In a further optional embodiment, the apparatus further comprises 307 a correction module, wherein the 307 correction module is configured to determine a correction variable according to a difference between the verification result and a set standard result when the verification result does not meet the set standard result; and correcting the target risk model according to the correction variable.

In a further optional embodiment, the 304 training module is specifically configured to train the pre-constructed risk model by using the feature factor data according to a preset random forest algorithm or a decision tree algorithm.

Further, the training module 304 for training the pre-constructed risk model by using the feature factor data according to a preset random forest algorithm includes:

adopting a self-help resampling technology to randomly and repeatedly extract K samples from the characteristic factor data for M times to form M characteristic factor data sets; wherein M and K are both positive integers greater than or equal to 1;

and training the pre-constructed risk model by using the M characteristic factor data sets to obtain a target risk model.

Optionally, the training by the 304 training module using the risk model pre-constructed by the feature factor data according to a preset decision tree algorithm includes:

initializing a level parameter corresponding to a decision tree algorithm;

and training target training data in a training set by adopting a CART algorithm, and acquiring the original risk model when the number of growing layers of the decision tree reaches the level parameters.
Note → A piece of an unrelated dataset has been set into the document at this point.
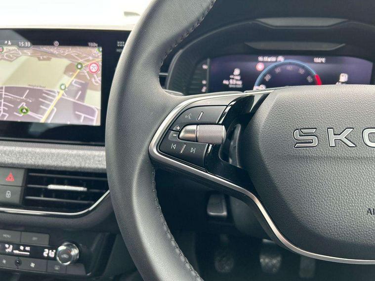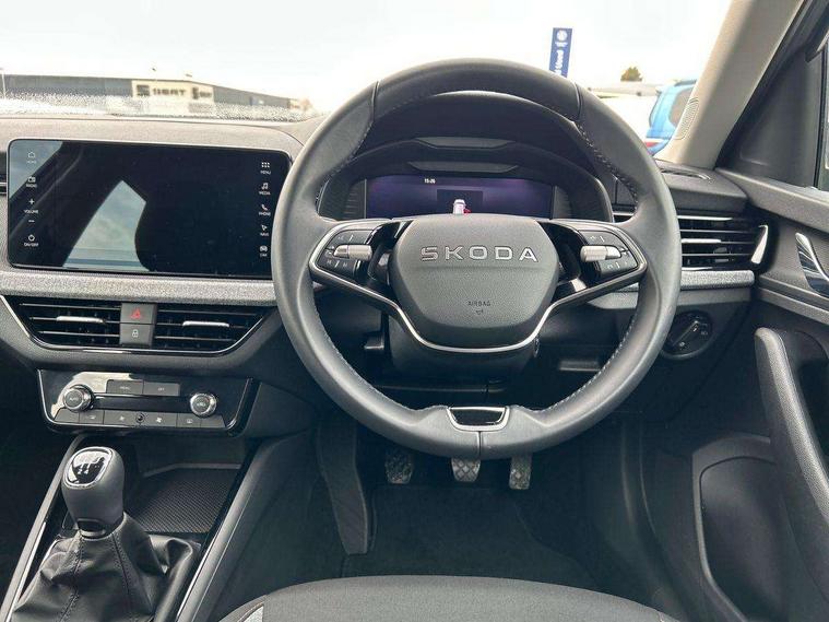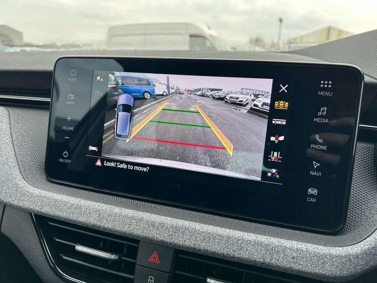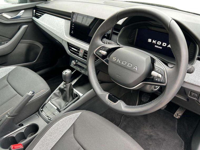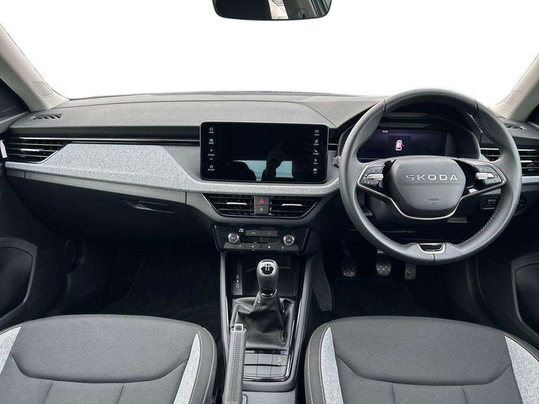 Advanced driver attention and drowsiness monitor, Bluetooth system, E-call, Front assist system, PAS, Rear parking sensors, Rear view camera, Service indicator, Speed limiter, Traffic sign recognition, Virtual cockpit with 10.25" display, Wireless smartlink, 4 USB C ports, 8 Speakers, 9.2" Skoda navigation display, DAB Digital radio, Auto dimming rear view mirror, Automatic headlight control with coming home and leaving home feature, Black roof rails, Body colour bumpers, Body colour door mirrors and handles, Chrome grille surround, Front and rear electric windows, Full LED headlights, Heated rear window, LED brake lights, LED daytime running lights, LED front turning lights, LED high beam, LED low beam, LED third brake light, Rear LED fog light, Rear side wing doors, Rear wiper, Ticket holder inside windscreen, 12V socket in luggage compartment, 3 seat bench in 2nd row, Black hotstamping, Cargo elements, Chrome inner door handles, Driver and passenger sun visors with vanity mirror, Dual zone climate control, Front and rear roof lights, Front centre armrest, Front head restraints, Glove compartment with illumination, Height adjustable driver seat, Height adjustable front passenger seat, Ice scraper, Inner circulation control with pollen filter, ISOFIX on front passenger seat, Isofix preparation for back seats, Krepp recycled decor inserts, Leather gearknob and handbrake lever, Loft cloth upholstery, Manual lumbar support for front seats, Net package and top tether hooks in boot space, Net under rear shelf, Overhead glasses storage compartment, Pocket on the back of both front seats include mobile phone pockets, Rake/reach adjustable steering wheel, Reading lights, Satin black door inserts, Single front passenger seat, Textile floor mats, Third rear headrest, Top tether for front passenger seat, Umbrella in driver's door, 3x3 point rear seatbelts, Airbags - driver and front passenger, Disc brakes, ESP, Extended and predictive pedestrian/cyclist protection, Front passenger airbag deactivation switch, Front side airbags with curtain airbags, Hill hold control, Manual leather parking brake, Manual rear child locks, One tone horn, Seatbelt reminder for driver an co-driver, Traction control, Tyre pressure monitor, Anti-theft alarm system with interior monitoring, backup horn, towing protection and remote central locking with SAFE system, Anti-theft wheel bolts, Electronic engine immobilizer,
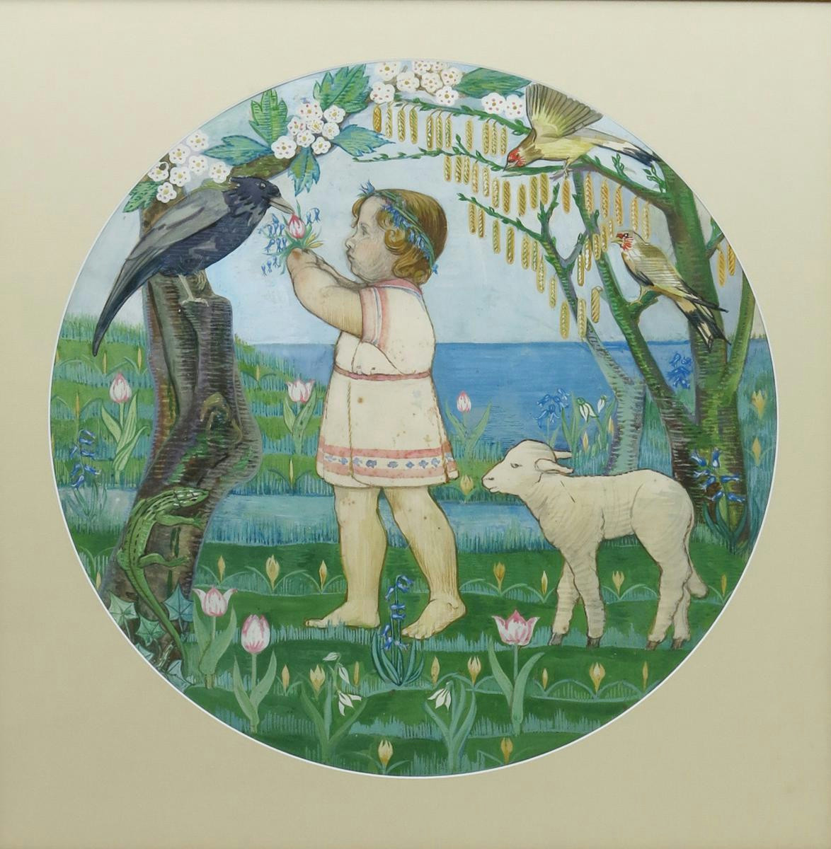 A watercolour on paper design, depicting a child offering up spring flowers to a crow perched on a tree trunk, a lizard, lamb and finches watch on, framed, unsigned, annotated in pencil E.M.Rope West Wing to reverse, image 51cm. diam.

It is understood that the above-mentioned components of the financial risk model training apparatus in the present embodiment have functions of implementing the corresponding steps of the method in the embodiments shown in fig. 1 and fig. 2. The function can be realized by hardware, and can also be realized by executing corresponding software by hardware. The hardware or software includes one or more modules or means corresponding to the functions described above. The modules and devices can be software and/or hardware, and the modules and devices can be realized independently or integrated by a plurality of modules and devices. For the functional description of each module and apparatus, reference may be specifically made to the corresponding description of the method in the embodiment shown in fig. 1 and fig. 2, and therefore, the beneficial effects that can be achieved by the method may refer to the beneficial effects in the corresponding method provided above, and details are not described here again.

It is understood that the illustrated structure of the embodiment of the present invention does not constitute a specific limitation to the specific structure of the financial risk model training apparatus. In other embodiments of the present application, the financial risk model training apparatus may include more or fewer components than shown, or combine certain components, or split certain components, or a different arrangement of components. The illustrated components may be implemented in hardware, software, or a combination of software and hardware.

The embodiment of the application provides an electronic device, which comprises a processor and a memory;

a memory for storing operating instructions;

and the processor is used for executing the financial risk model training method provided by any embodiment of the application by calling the operation instruction.

As an example, fig. 4 shows a schematic structural diagram of an electronic device to which the embodiment of the present application is applicable, and as shown in fig. 4, the electronic device 400 includes: a processor 401 and a memory 403. Wherein the processor 401 is coupled to the memory 403, such as via a bus 402. Optionally, the electronic device 400 may also include a transceiver 404. It should be noted that the transceiver 404 is not limited to one in practical applications. It is to be understood that the illustrated structure of the embodiment of the present invention does not constitute a specific limitation to the specific structure of the electronic device 400. In other embodiments of the present application, electronic device 400 may include more or fewer components than shown, or some components may be combined, some components may be split, or a different arrangement of components. The illustrated components may be implemented in hardware, software, or a combination of software and hardware. Optionally, the electronic device may further include a display screen 405 for displaying images or receiving operation instructions of a user as needed.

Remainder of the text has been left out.